Les clausules finales des motifs 1, 2, 3, et 4 font entendre la sensible
(elle est entendue à la 7ème supérieure dans la formule 2, et la mélodie
retombe tout de suíte dans son «ambitus» par un saut de sixte). La
cinquième formule ne fait pas entendre la sensible, elle est en marche
vers la modulation à la quinte qui vient à la 6ème formule, et qui
donne absolument l'impression d'une modulation moderne à la dominante.
La formule 7 est encore à la quinte, mais elle a retrouvé, dans la
clausule finale, le bémol qui ramène au fa. Toute cette pièce contient
un nombre considérable de sauts d'octave et de sixte; en outre, avec des artífices, on recouvre sans arrêt des chemins inaccessibles au
plain-chant classique. Nous sommes en pleine période d'innovations, et l'imagination du compositeur a pu donner libre cours à une fantaisie
pleine de charme et d'imprévu. Si l'on pouvait se permettre un
rapprochement de textes très différents, j'assimilerais cette
composition, pour son allure un peu pompeuse, aussi bien que pour tous
ces détails de construction, aux pièces de Du Mont (1610-1684) dont
certaines, non sans valeur, sont encore au répertoire des églises
françaises.
Il m'est impossible de terminer cet article sans dire à quel
point je suis reconnaissante de l'accueil bienveillant qui m'a été fait
par les autorités d'Aveiro, et aussi par Mr. da Rocha Madahil, historien
qui parfaitement connaît tout ce qui concerne le Monastère de Jésus. L'amitié dévouée qui m'avait conduite à Aveiro, et qui y a facilité
mon travail, trouvera ici sa part de ma gratitude.

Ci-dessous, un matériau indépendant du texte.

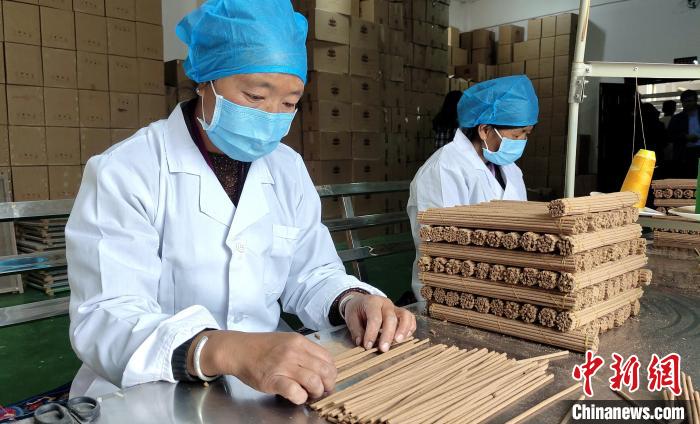“我們農(nóng)閑時(shí)就會來這里制作藏香?!睅孜宦耦^工作的婦女不善言談,但她們數(shù)線香、捆藏香流程十分嫻熟,她們足不出村實(shí)現(xiàn)就業(yè)增收。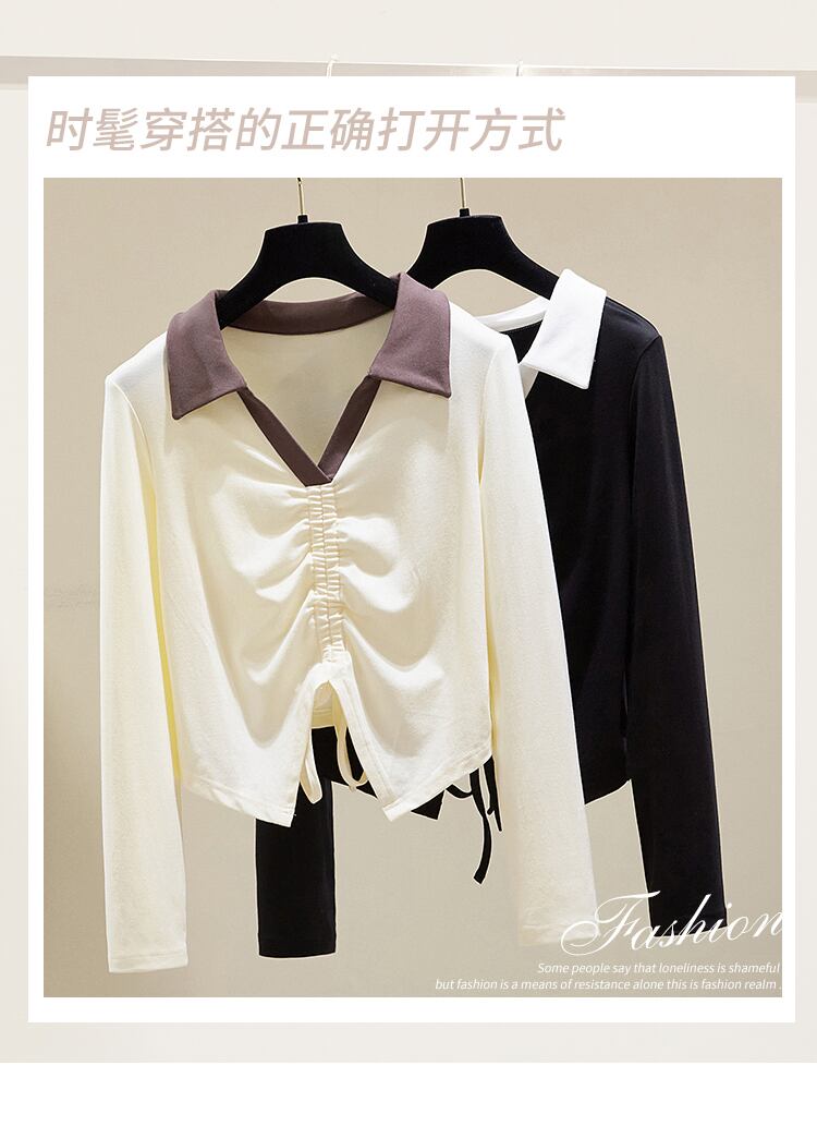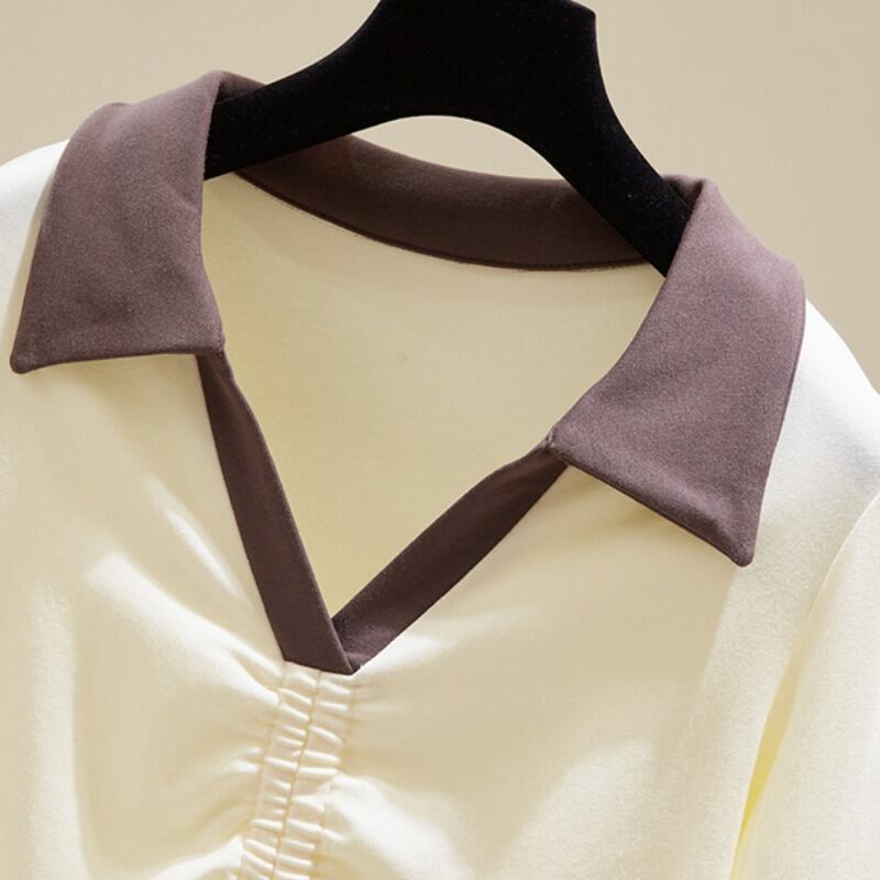 大きいサイズの婦人服 2023 春の新しいファット シスター ファッション コントラスト カラー ポロ襟巾着長袖老化防止ニット セーター ロング 大きめサイズ スプリング 春物 8884169473372614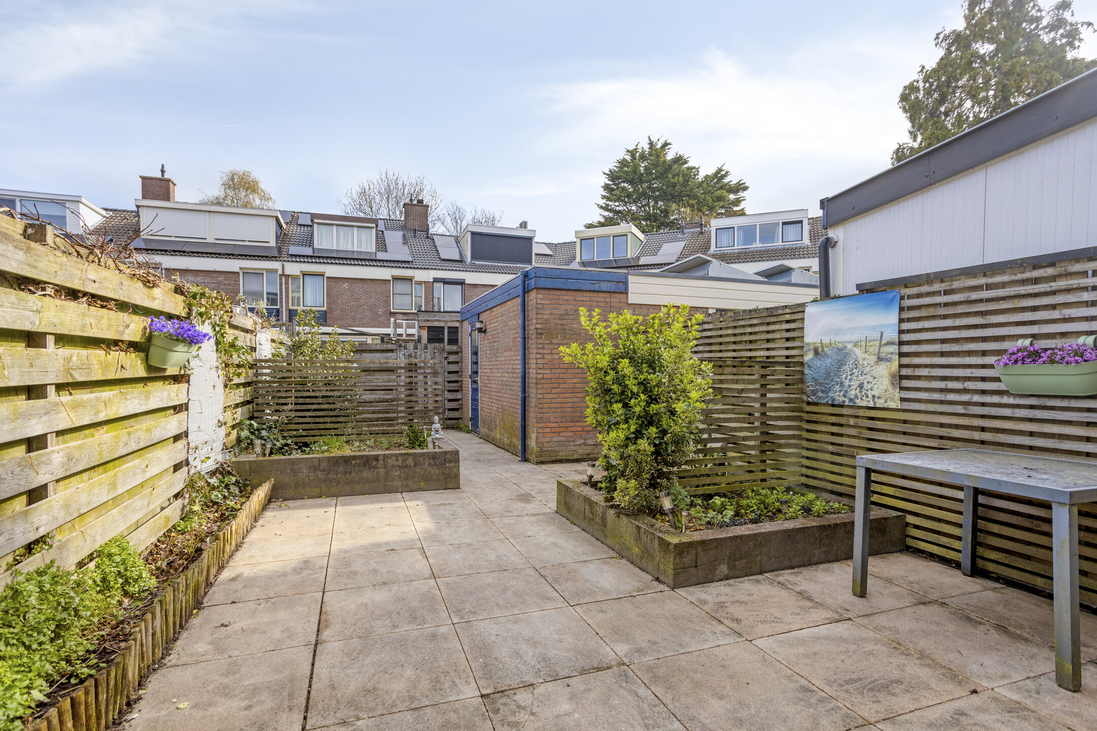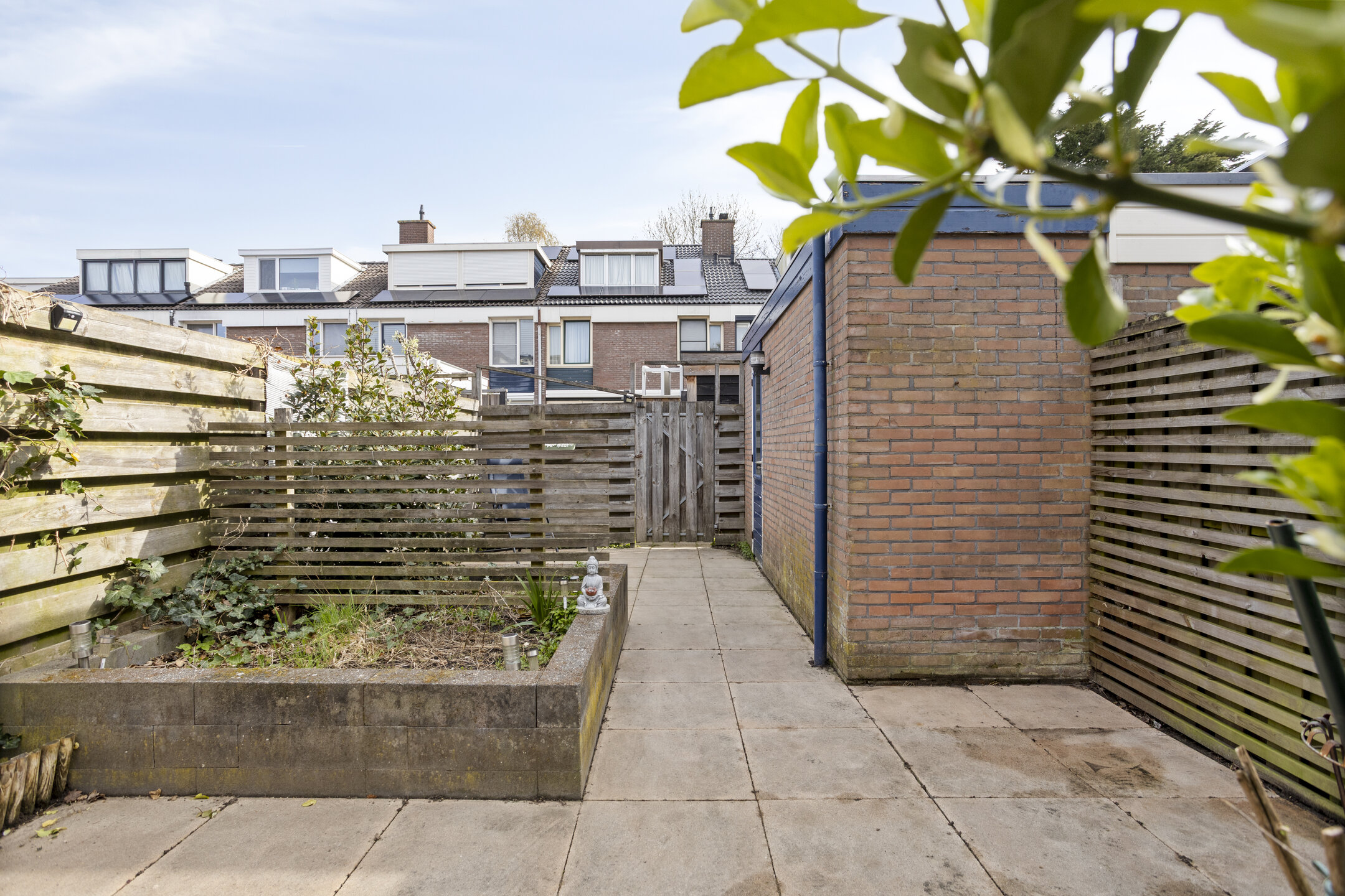De achtertuin is onderhoudsvriendelijk aangelegd met bestrating en groenborders. Ook hier is genoeg ruimte voor gezellige zitplekken. Bovendien beschik je over een stenen berging, en is de tuin ook via de achterom bereikbaar. Parkeren kan in de directe omgeving van de woning.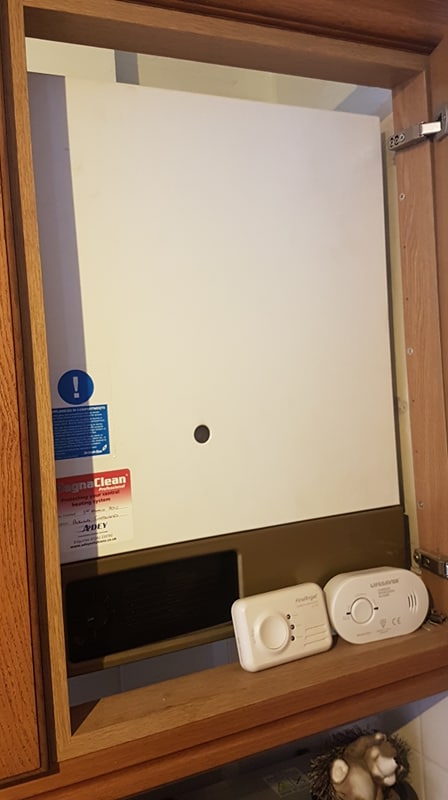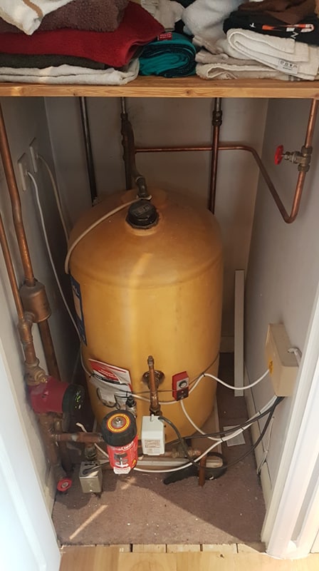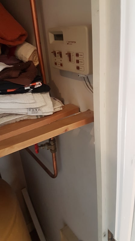 I've attached quite a few pictures. There is a button in the airing cupboard which you can see is turned on (on the left hand side). What does this do?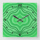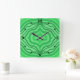 Tribal Tropical Wavy Green Lines Geometric Art Square Wall Clock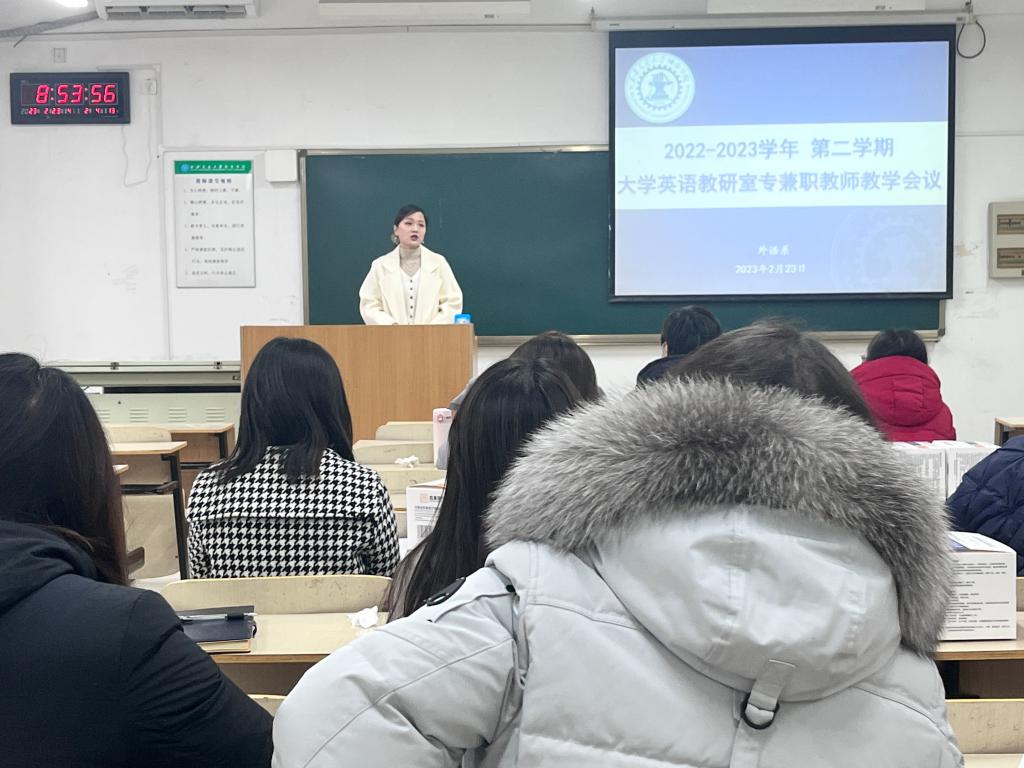 2023年2月23日上午,西安交通大学城市学院外语系在教学楼B319教室召开大学英语教研室专兼职教师教学会议,外语系副主任兼大英教研室主任巫奕君副教授主持会议,大英教研室全体专兼职老师共计40人参加了此次会议。
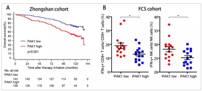 研究首先发现肾癌组织PAK1蛋白表达存在异质性,PAK1高表达提示患者的不良预后以及肿瘤组织抑制性肿瘤免疫微环境的存在。这说明PAK1促癌信号可能通过调节肿瘤免疫微环境参与肾癌进展。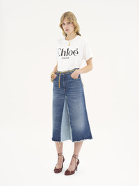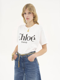 Crew-neck oversized T-shirt in light washed cotton jersey, featuring a contrast Chloe Paris logo print at the front. PRODUCT DETAILS Oversized logo T-shirt outer shell: 100% Cotton Fit: oversized - The model is 5'10" (178 cm) and wears a prototype in size 36 - Logo T-shirt - Slips on Care: gentle wash 90°F (30°C) Color: White Item code: CH25SJH20191101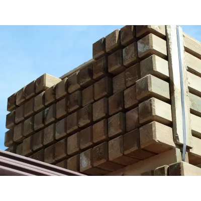 Tuteur carré en Pin sylvestre autoclavé vert, tête droite, raboté lisse, 1 bout pointu, 1 bout chanfreiné.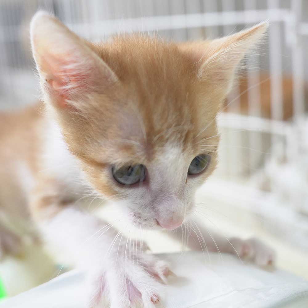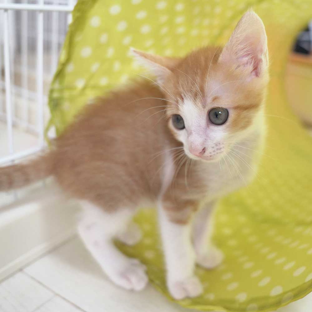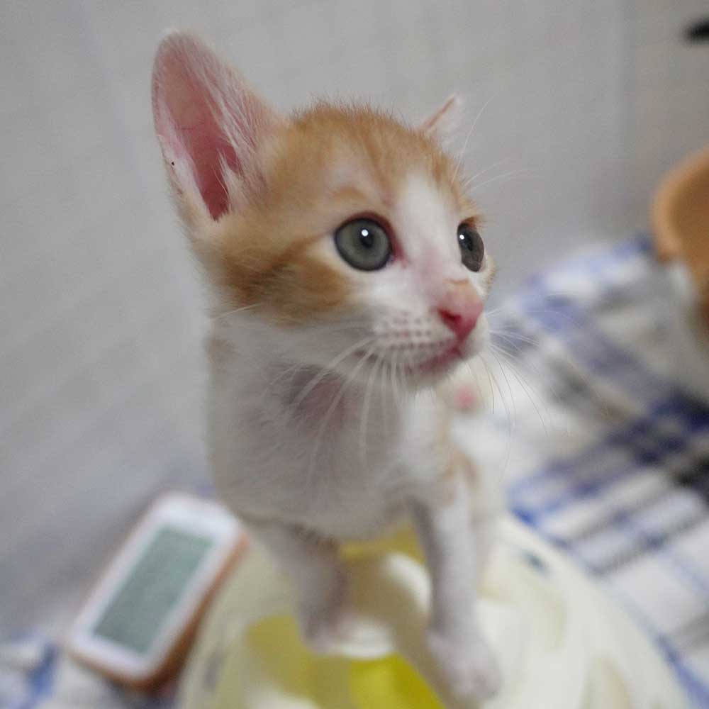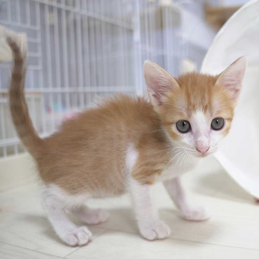 岸和田市のガレージで生まれてしばらくして母猫が帰ってこなくなり鳴いているところをガレージの大家の方が捕まえ保健所に連れていくと言っているところを阻止して保護となりました。

Je ne puis dire d'ailleurs à quel point j'ai été touchée de la
bienveillance dont j'ai été l'objet, de toutes parts, pendant le voyage
d'études que j'achève ces jours-ci. Je suis heureuse que l'occasion me soit offerte de redire le souvenir que je garde du
lumineux pays ou l'on a si bien compris et aidé mon travail.